▸ **Task statement**:
Omit all pictures. Print the remaining lines exactly, from the start of the data through the line containing "備用機少用, 電池健康度94%".

▸ **Recorded data**:

━━━━━━━━━━

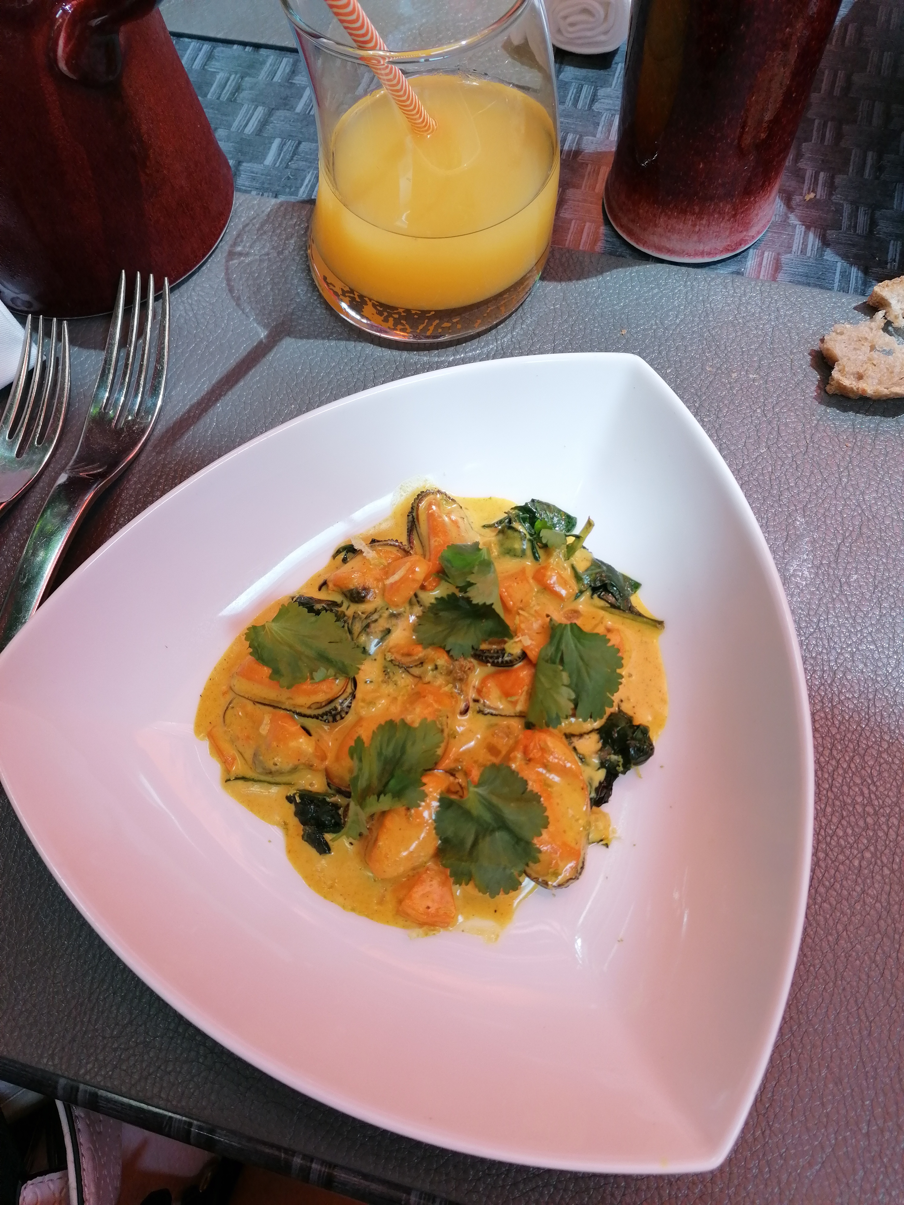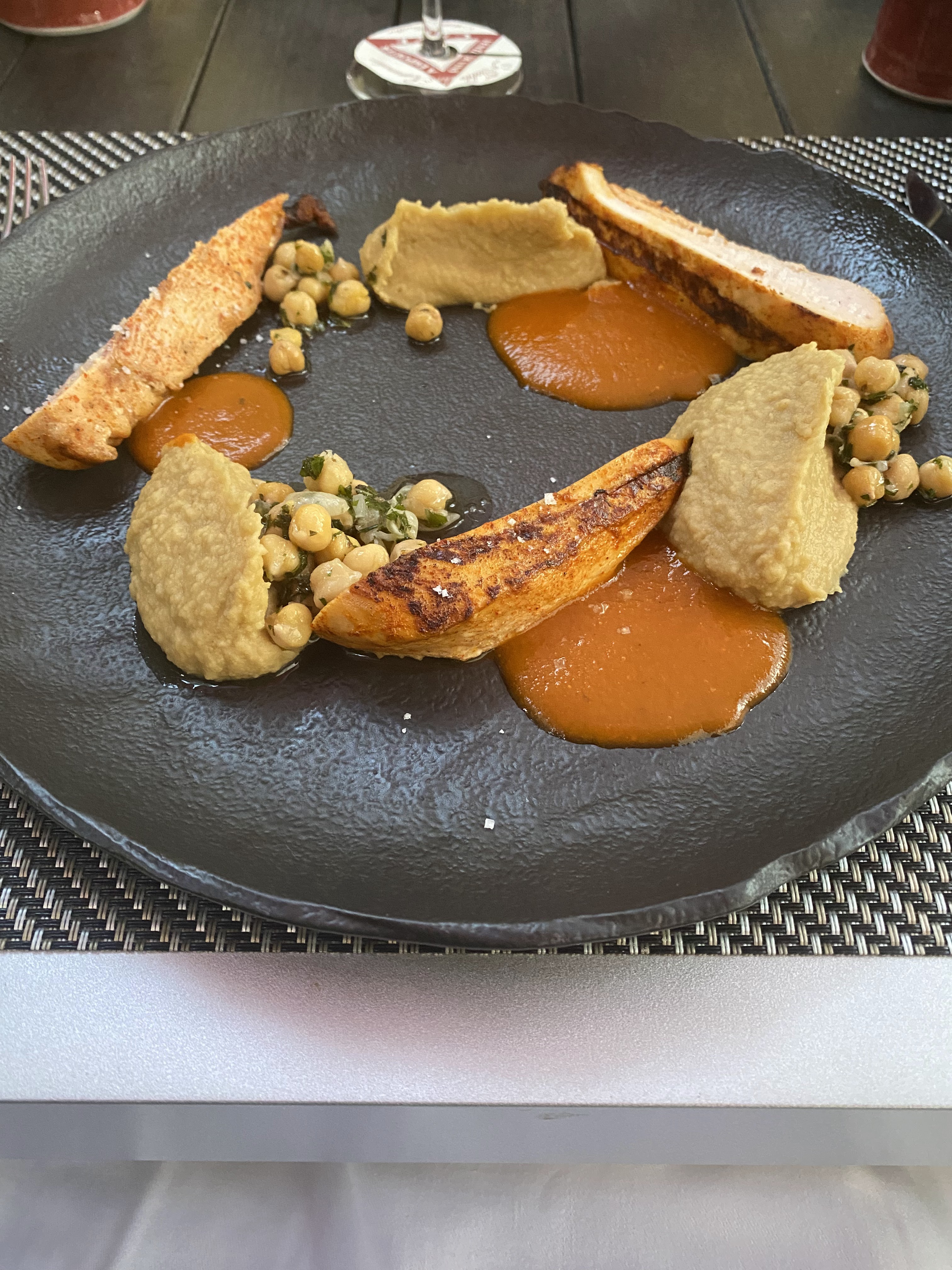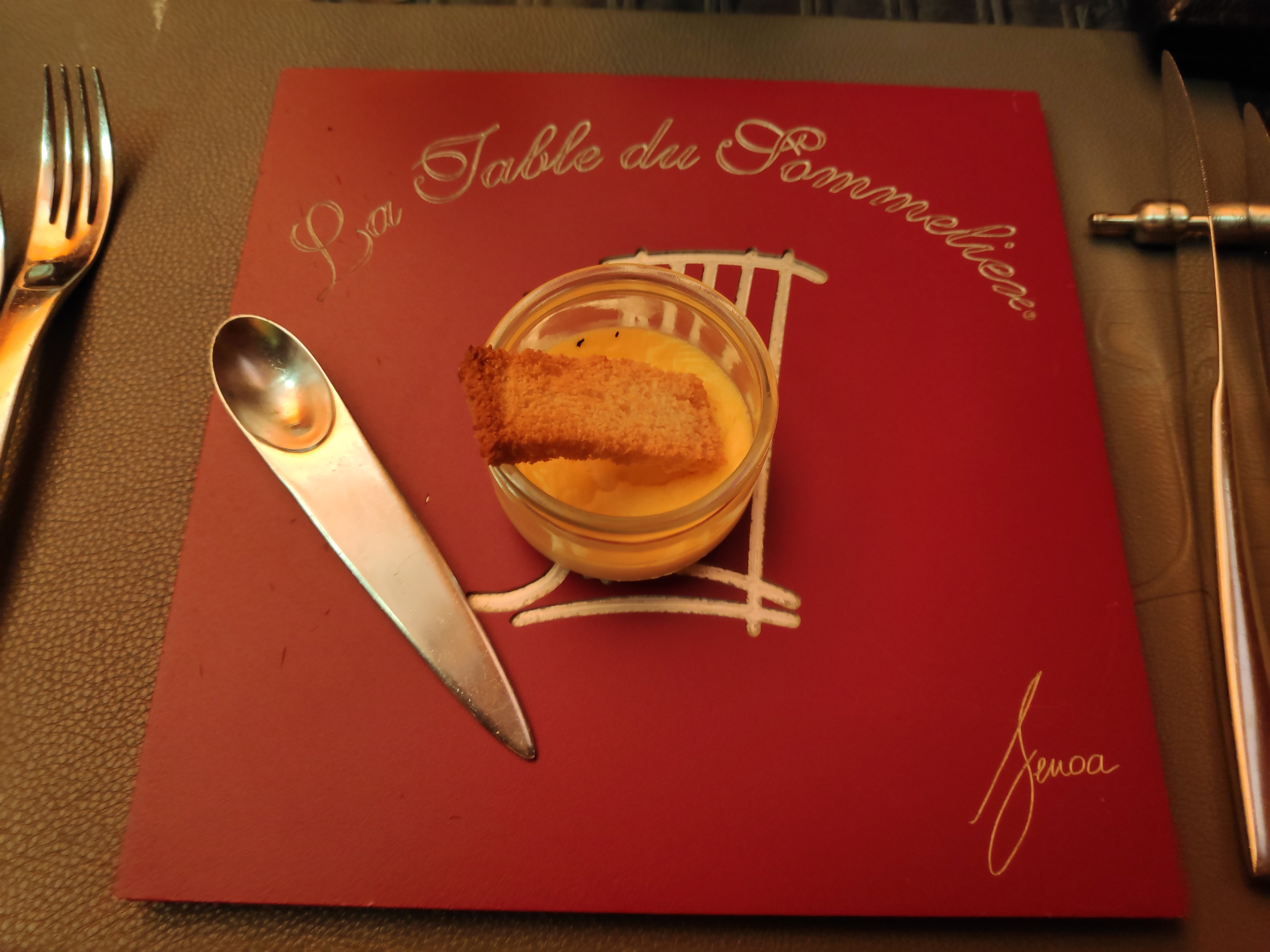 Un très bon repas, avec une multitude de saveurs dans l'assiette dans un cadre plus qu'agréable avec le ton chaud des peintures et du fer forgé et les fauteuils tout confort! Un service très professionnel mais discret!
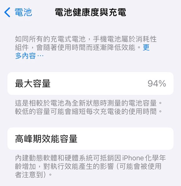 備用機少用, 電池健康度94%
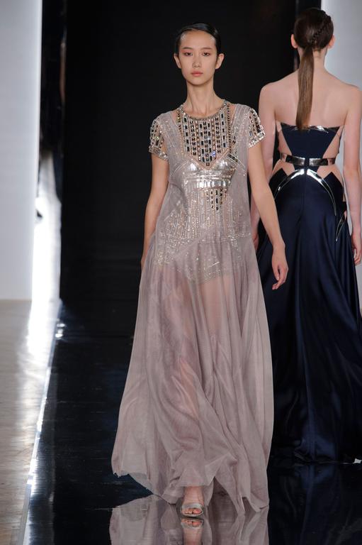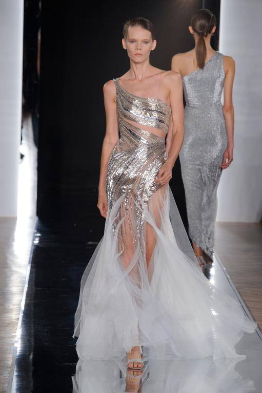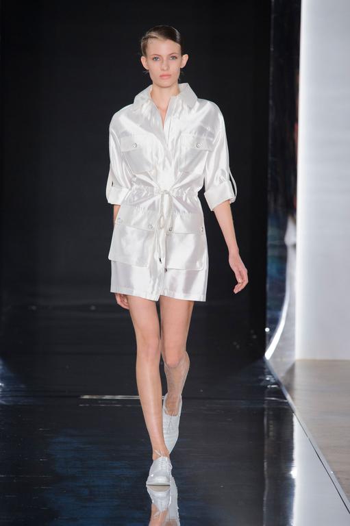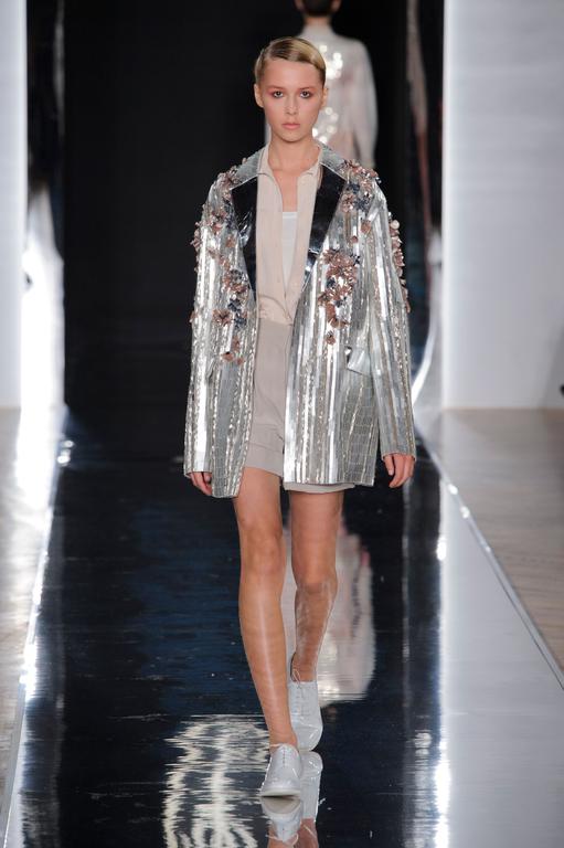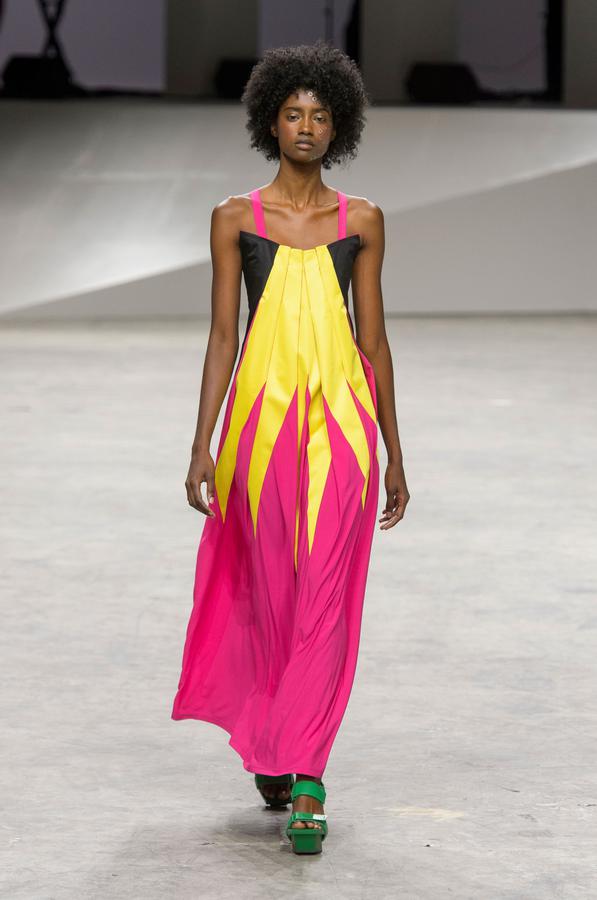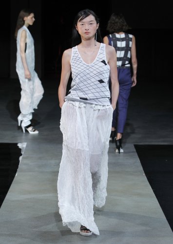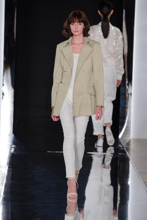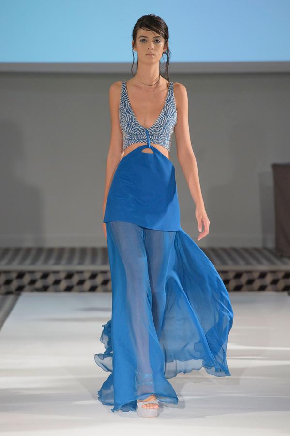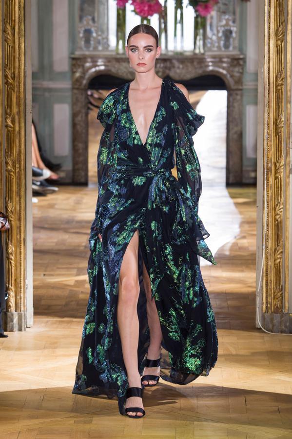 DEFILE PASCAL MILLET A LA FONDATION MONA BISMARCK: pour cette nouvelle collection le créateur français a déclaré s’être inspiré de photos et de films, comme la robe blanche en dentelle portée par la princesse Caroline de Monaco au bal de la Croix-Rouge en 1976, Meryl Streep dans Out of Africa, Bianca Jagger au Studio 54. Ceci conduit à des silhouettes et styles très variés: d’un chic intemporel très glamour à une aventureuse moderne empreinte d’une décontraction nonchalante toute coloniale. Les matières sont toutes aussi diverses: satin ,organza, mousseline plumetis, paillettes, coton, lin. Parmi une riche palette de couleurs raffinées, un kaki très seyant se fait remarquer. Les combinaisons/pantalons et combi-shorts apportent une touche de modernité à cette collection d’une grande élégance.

━━━━━━━━━━

▸ **The completed task**:
 Un très bon repas, avec une multitude de saveurs dans l'assiette dans un cadre plus qu'agréable avec le ton chaud des peintures et du fer forgé et les fauteuils tout confort! Un service très professionnel mais discret!
 備用機少用, 電池健康度94%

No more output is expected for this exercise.